The liberated I2 requires 12.40 mL of 0.1025 M Na2S2O3, for its titration. Is the H2O2 up to the full strength (3% H2O2 by mass) as an antiseptic solution? Assume the density of the aqueous solution of H2O2 ( aq) is 1.00 g/ mL.

H2O2 (aq) + H + I^ - (aq) ---> H20 (l) + I2 (not balanced)

S203^2- + I2 --- >S406 ^2- (aq) + I^- (aq) (not balanced)

I posted this up before and got some responses however, the answer i got is different from the answer posted up...can someone please check and let me know if this is accurate or if i made a mistake somewhere..

1. So first you start off by balancing the equations:

H2O2 (aq) + 2H + 2I^ - (aq) ---> 2H20 (l) + I2

2S203^2- + I2 --- >S406 ^2- (aq) + 2I^- (aq)

2. Write all the given information out under equation number 2 as you have enough information there to solve the #mols of Iodine

2S203^2- + I2 --- >S406 ^2- (aq) + 2I^- (aq)
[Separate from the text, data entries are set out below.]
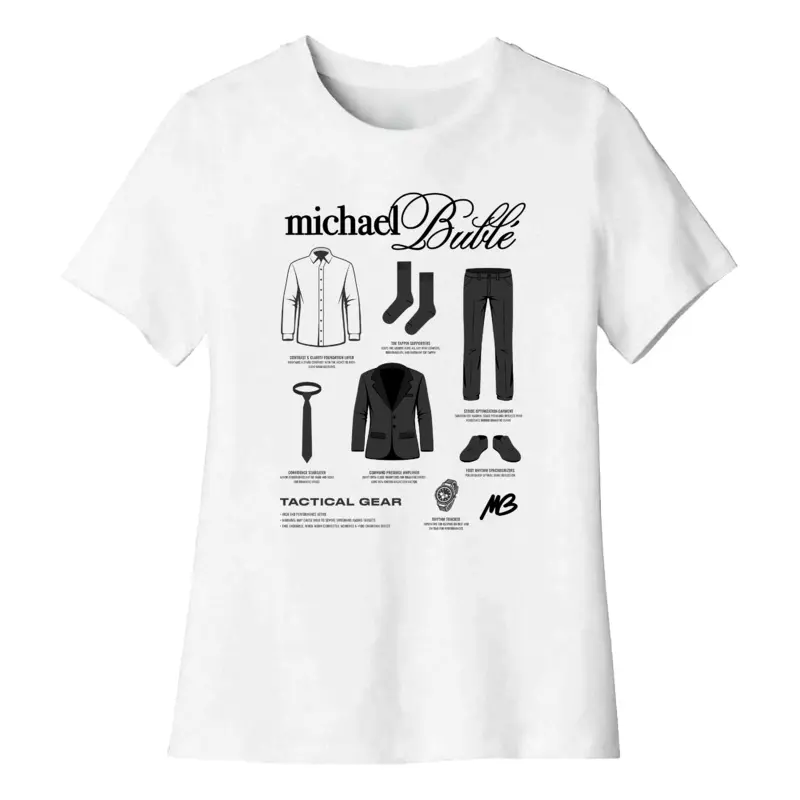 Relaxed Jersey White Tee printed with Michael’s tactical wardrobe gear.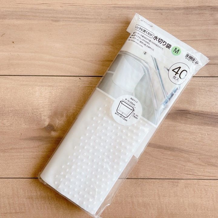 皆さんは、生ごみの処理どうしていますか?「シンクに置くだけ水切袋(40枚入り)」(税込199円)は穴あきタイプの袋なので、生ごみの処理がラク!以前は生ごみはビニール袋に入れて、水分が多い時はハサミやつまようじで穴をあけて水切りしていたので、その手間が省けて時短にもつながりました。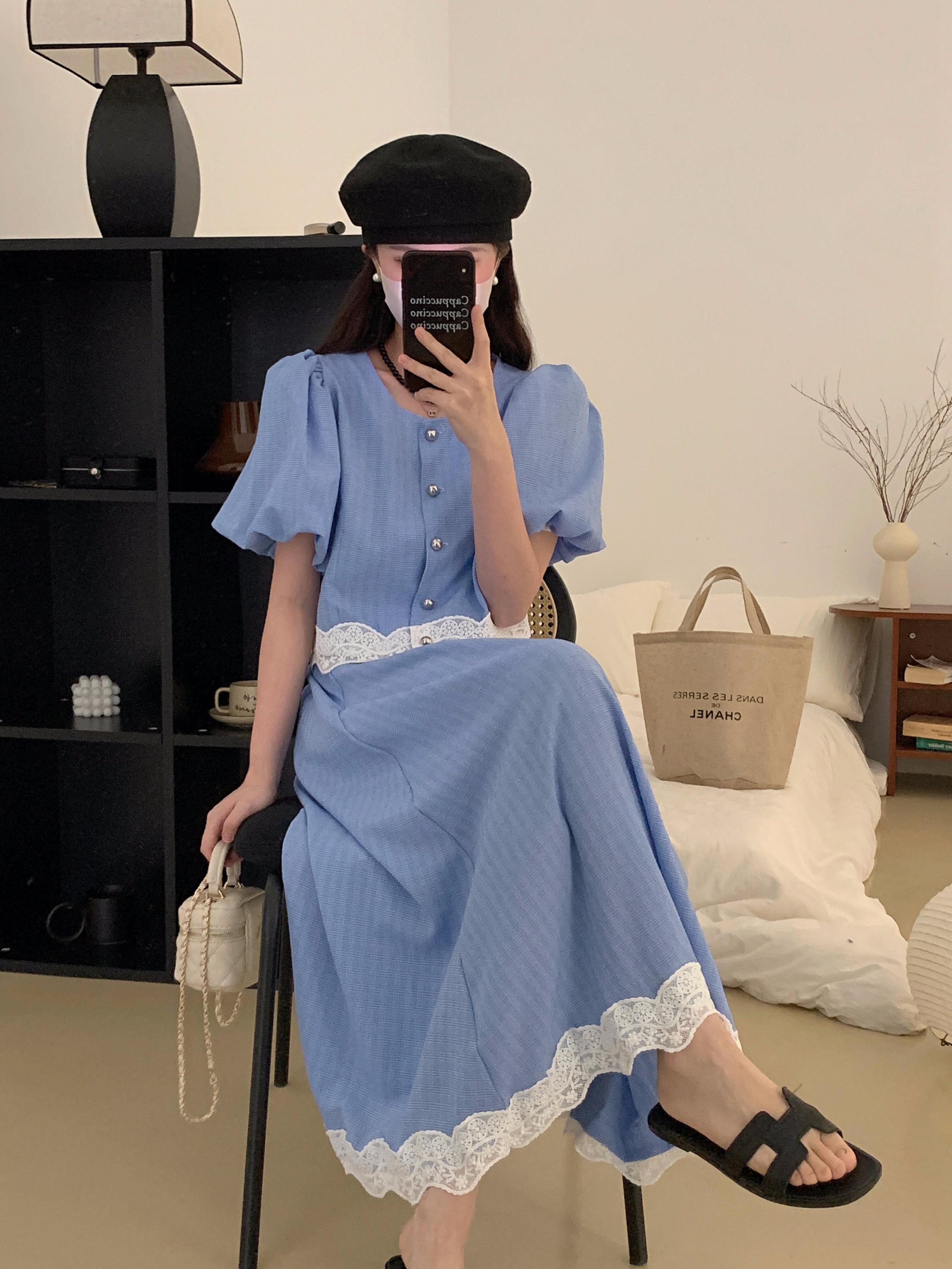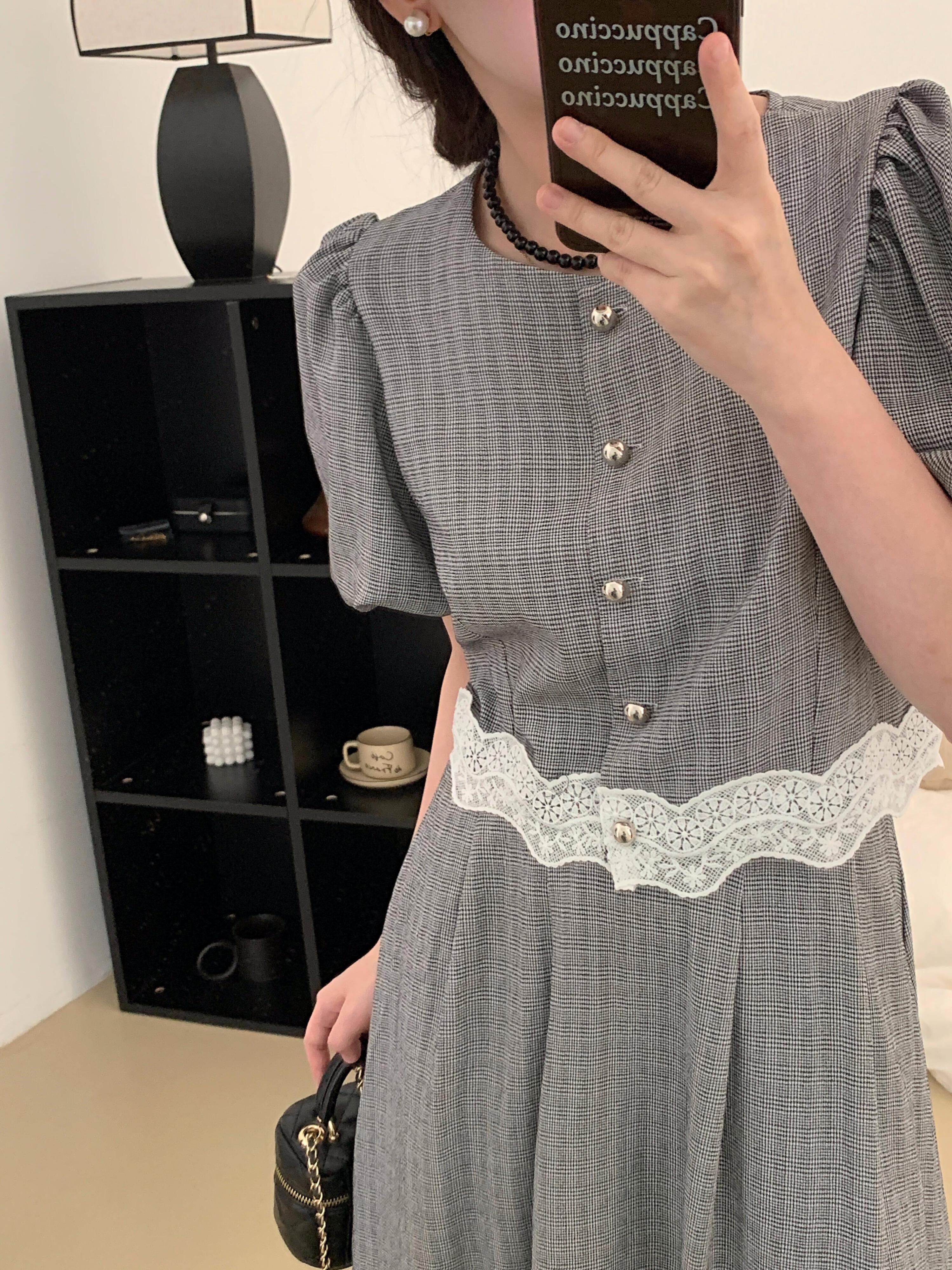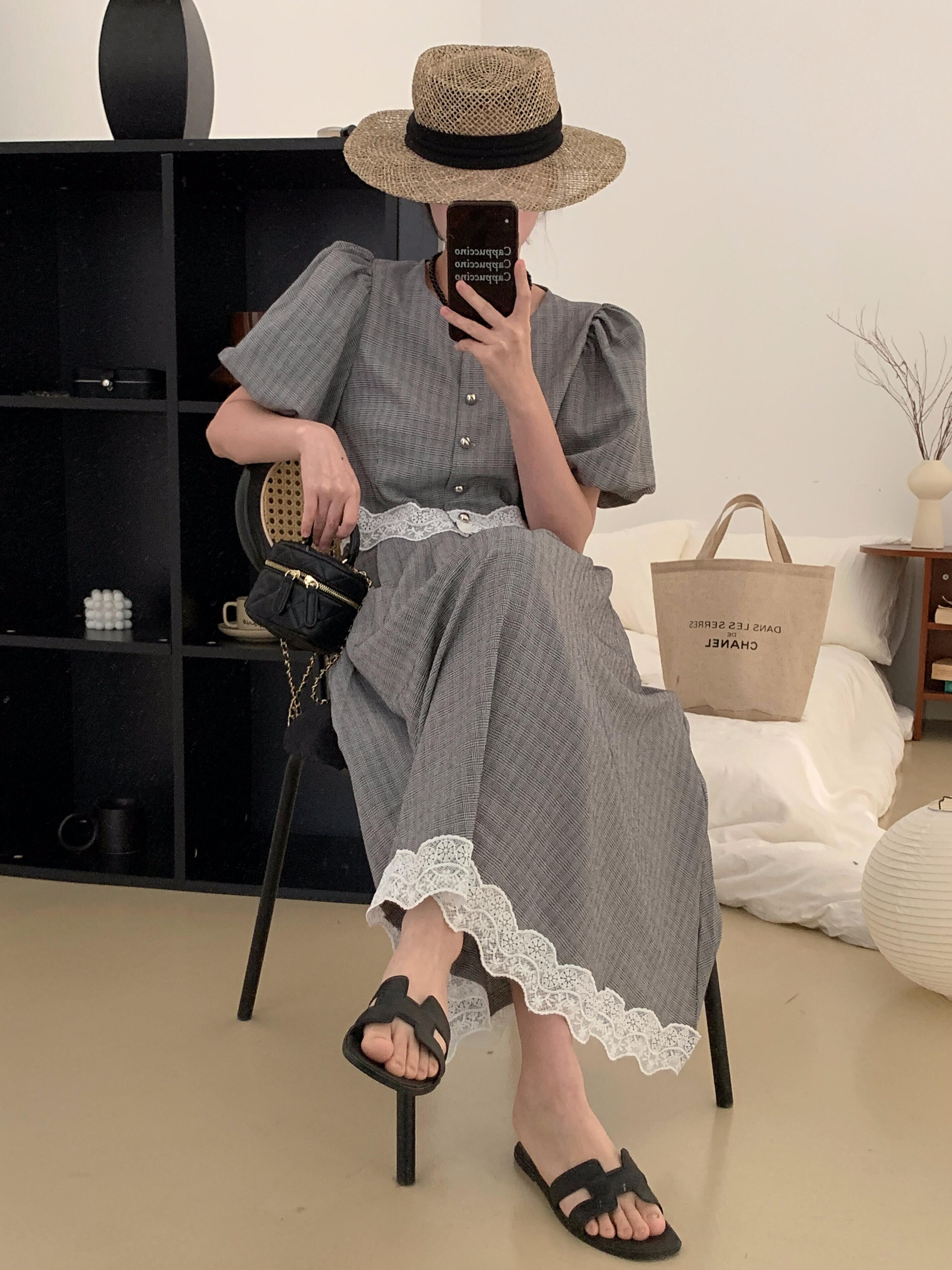 サマースタンダードラウンドネックレーススリーブシャツ ハイウェストウェストスリムスカート レディース レトロ 夏物 Oネック ステッチ 7/20 mi4647323641542

0.0124L Iodine has half of that of 2S203^2-

0.1025M =0.0006355 mols

#mols = 0.001271mols

3. The Iodine in both equations is same

4.H2O2 must be the same to 1:1 ratio.
now i can calculate the grams of H2O2

mass = Molarmass*moles
=34.02Molarmass*0.0006355mols
=0.022g

5.We are told that full strength is 3% H2O2 by mass)

0.03*2ml (or 2g)
=0.06g H2O2

6.Since your answer in step 4 doesn't exceed the full strength limit in step 5, you can conclude that the h2o2 antiseptic solution is not up to full strength.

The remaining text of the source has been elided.